Great looking shrimp & pix Frank. Thanks for sharing


----------



## tang daddy (Apr 21, 2010)

The second pic of plants is it education cirenium?


----------



## jiang604 (Apr 21, 2010)

Diztrbd1 said:


> Great looking shrimp & pix Frank. Thanks for sharing


Thankyou, I am going back into planted tanks so expect to see more greenary =P


----------



## jiang604 (Apr 21, 2010)

tang daddy said:


> The second pic of plants is it education cirenium?

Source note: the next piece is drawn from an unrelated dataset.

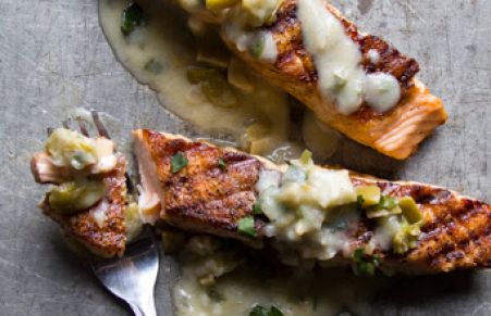Classic beurre blanc enhanced with ramps and chopped Cerignola olives makes a creamy, velvety sauce for grilled salmon.

nope, its erios large taco and not "education" chris =P


----------



## tang daddy (Apr 21, 2010)

Hahah dumb autotype on my cell... Had I said Erio that would have been fine but I had to get fancy and say eriocaulon....which changed to education!


----------



## msnikkistar (Nov 21, 2010)

LOL, Auto-correct annoys me too Chris. I try and type something out and it auto-corrects and the whole sentence looks dumb.

P.S.

I see you looked at my profile on TPT.


----------



## fraggalrock (Apr 21, 2010)

Santa baby..♫ ♫ put some shrimps under my tree for me..♫ ♫ ♫ ive been an awefully good girl.♫ ♫ ♫.santa baby so hurry down the chimney for me..♫♫♫

Just love them Frank amazing shrimp!


----------



## 2wheelsx2 (Apr 21, 2010)

I really like that last pic. Awesome shrimps and photos.


----------



## euroamg (Dec 14, 2010)

Nice plants & shrimps....


----------



## Mferko (Jun 8, 2010)

awesome pics frank


----------



## jiang604 (Apr 21, 2010)

Thankyou all for the kind comments =)


----------



## jiang604 (Apr 21, 2010)




----------



## Tn23 (Apr 21, 2010)

those are nice blueberry/cbs babies  hahahahah
Just kidding, nice BKK babies!


----------